Changing stroke rehab and research worldwide now.Time is Brain! trillions and trillions of neurons that DIE each day because there are NO effective hyperacute therapies besides tPA(only 12% effective). I have 523 posts on hyperacute therapy, enough for researchers to spend decades proving them out. These are my personal ideas and blog on stroke rehabilitation and stroke research. Do not attempt any of these without checking with your medical provider. Unless you join me in agitating, when you need these therapies they won't be there.

What this blog is for:

My blog is not to help survivors recover, it is to have the 10 million yearly stroke survivors light fires underneath their doctors, stroke hospitals and stroke researchers to get stroke solved. 100% recovery. The stroke medical world is completely failing at that goal, they don't even have it as a goal. Shortly after getting out of the hospital and getting NO information on the process or protocols of stroke rehabilitation and recovery I started searching on the internet and found that no other survivor received useful information. This is an attempt to cover all stroke rehabilitation information that should be readily available to survivors so they can talk with informed knowledge to their medical staff. It lays out what needs to be done to get stroke survivors closer to 100% recovery. It's quite disgusting that this information is not available from every stroke association and doctors group.

Thursday, March 28, 2019

YOUR HEALTH: How a new shoe could give the boot to a stroke victim’s limp

But will it work for my problems? 

Foot angles outward due to spasticity?  

Lower leg does not swing freely due to spasticity?

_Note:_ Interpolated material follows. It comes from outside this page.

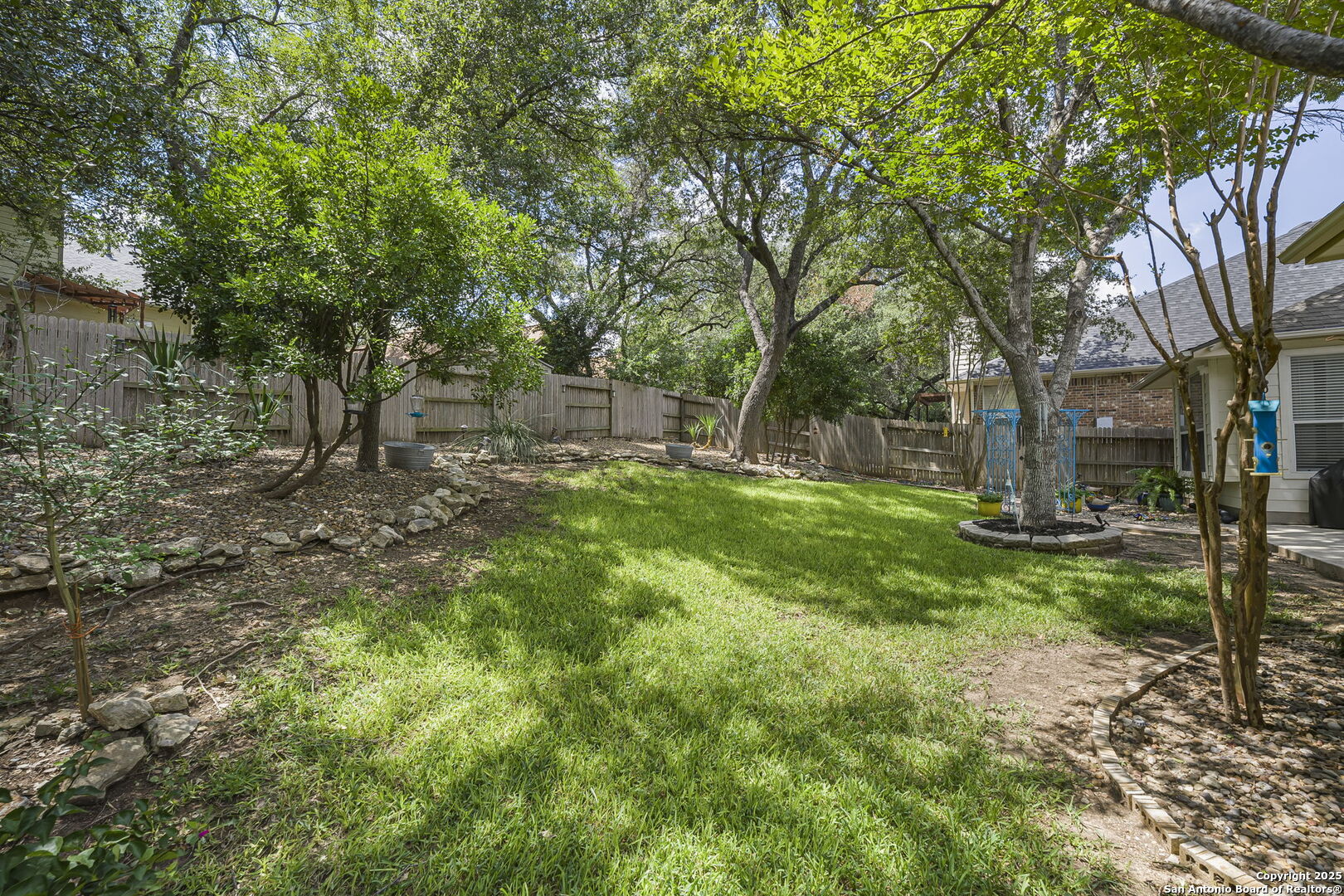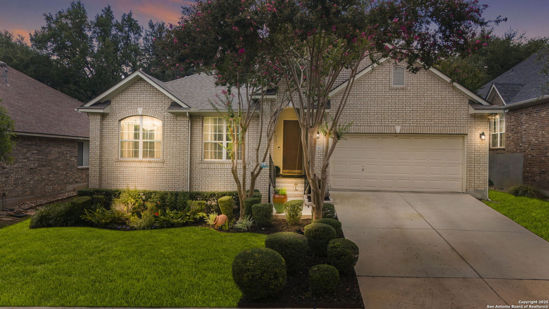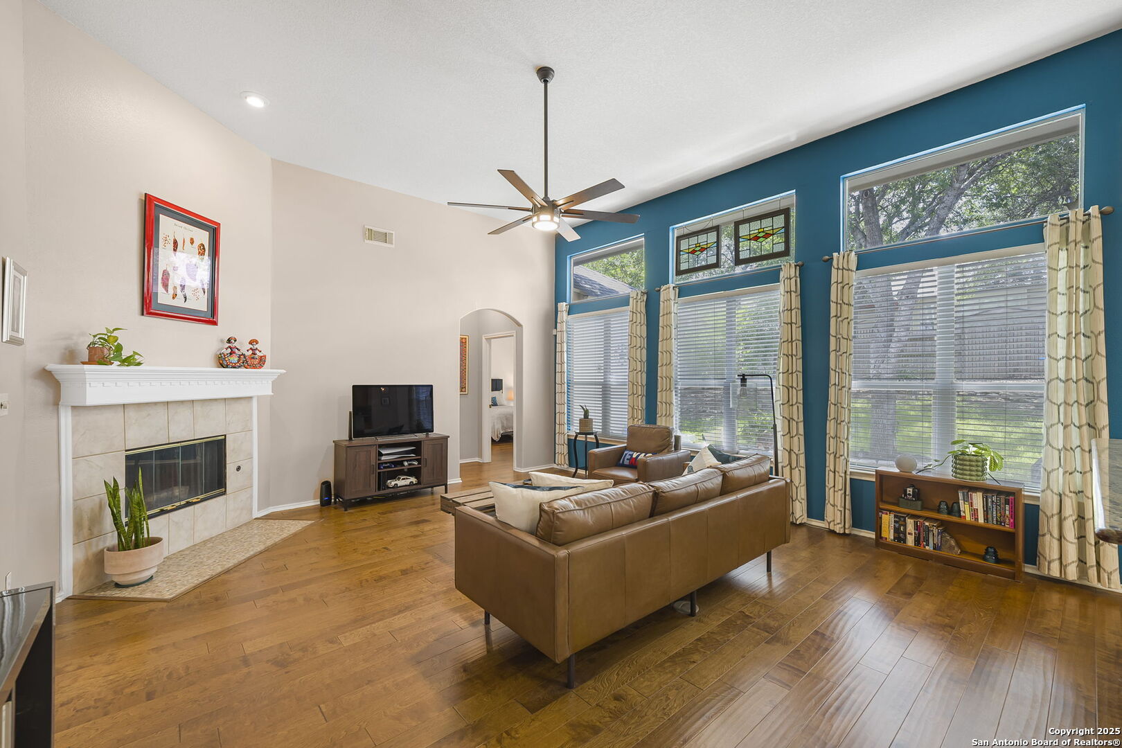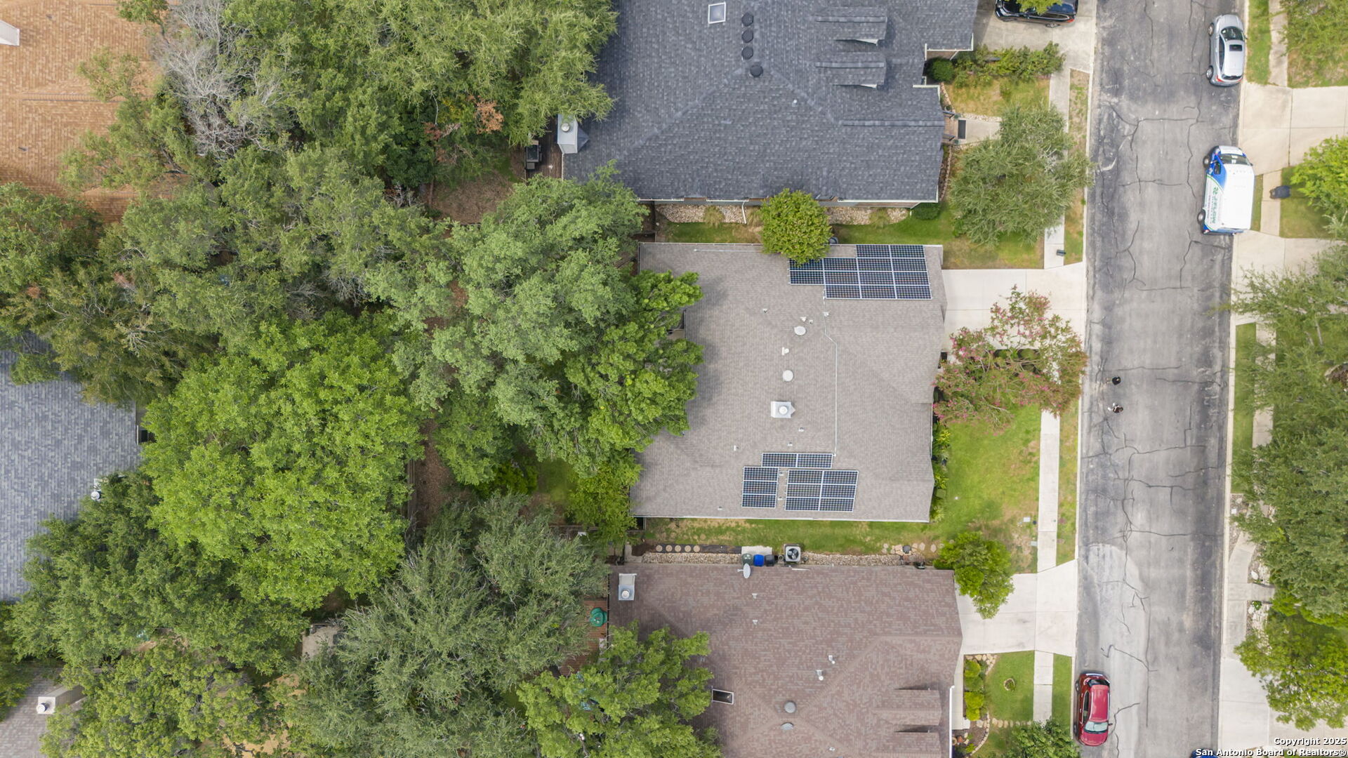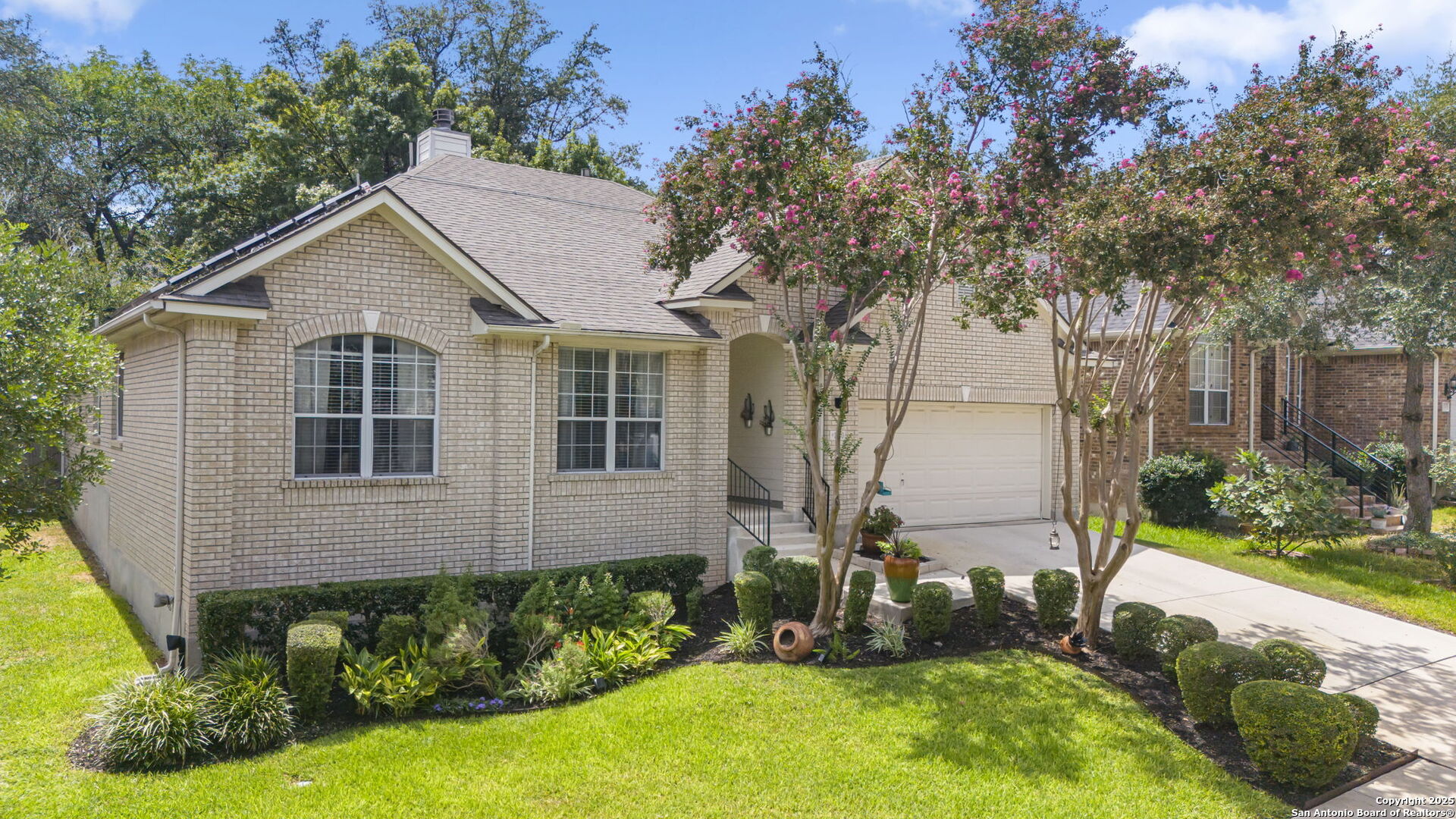 Elegant One-Story in The Gated Community of The Ridge at Deerfield! Situated on a quiet cul-de-sac and surrounded by mature trees this home offers a refined blend of sophistication, comfort, and modern efficiency. Enjoy unbelievably low electric bills thanks to the solar panels that will be completely paid off by the seller at closing. Architectural details such as arched entryways, art niches, tall ceilings, wood flooring throughout the entire home, and transom windows fill the space with light and character. The spacious living area centers around a gas fireplace, creating an inviting atmosphere. A formal dining room and a casual dining area offer versatile options for entertaining, while the kitchen features granite countertops, stainless appliances, a breakfast bar, and thoughtful design to accommodate both gatherings and everyday living. The primary suite is a true retreat, enhanced by a linear bay window overlooking the private backyard. Its spa-like bathroom includes a garden tub, glass-enclosed shower, dual vanities, and an expansive walk-in closet along with built-in storage. A private guest suite with its own ensuite bathroom provides comfort and privacy for visitors. Outdoors, the privacy-fenced backyard with a patio sets the stage for alfresco dining, quiet relaxation, and bird watching through the majestic oaks towering over the entire yard. Located within NEISD, with seamless access to Loop 1604, upscale shopping, fine dining, medical centers, and golf courses, this property offers a luxurious lifestyle in one of San Antonio's most sought-after gated communities.

YOUR HEALTH: How a new shoe could give the boot to a stroke victim’s limp

 
Video at link.

TAMPA, Florida – In the United States every year close to 800,000 people suffer a stroke.
Many are left with a dragging foot.
But doctors are working on an inexpensive way to fix their footing.
"I used to walk three to five miles a day before my stroke and it would be nice if I could just walk a half a mile."
Well Diane Hintz is on the right track.  She's making strides with this patented portable shoe.
It's called the Moterum I Stride device.  It was invented at USF in Tampa.
These doctors have been working for years to get it just right.  And they're almost to the finish line.
"It took a lot of math," said mechanical engineer Kyle Reed.
"A lot of engineering and quite a few different prototypes to get it to work just right."
Many stroke patients are left with a limp because of damage to their central nervous system.  This shoe helps rewire the brain so they can correct their gait.
Doctors say it's more effective and cheaper than the typical split belt treadmill treatment(Does your stroke hospital have this AND the protocol to go with it?) and patients can even bring this home.
"The I-Stride device causes one foot to move backwards while they're walking and this helps to exaggerate one of the feet so it becomes more asymmetric especially when they take it off they have a corrected gait where it's more symmetric afterwards," explained Reed.
"Don't forget the patient is wearing the shoe on their good side," said University of Southern Florida Physical Therapy and Rehabilitation professor Seok Hun Kim.
The shoe is worn on the good side so it forces the bad side to compensate for the irregular walking pattern.
So far the study shows that within four weeks patients can feel a difference.
"The hope is that if you keep doing this every day you train you get a little more equalized in your step length and you're going to start walking faster," said Reed.
NEW TECHNOLOGY: Engineer Kyle Reed said the iStride device causes one foot to go backwards and this exaggerates your existing asymmetry so that you have to compensate for it.   And so you get a little bit less of asymmetry.   When you go back to walking without the iStride device then that little bit of asymmetry is gone because you've already started compensating for it so now you have a more symmetric walking pattern.
USF doctors say typical stroke rehabilitation uses a split belt treadmill.   It is expensive and has to be done in an office setting with trained staff to monitor sessions.
The I Stride could be available to the public in a year.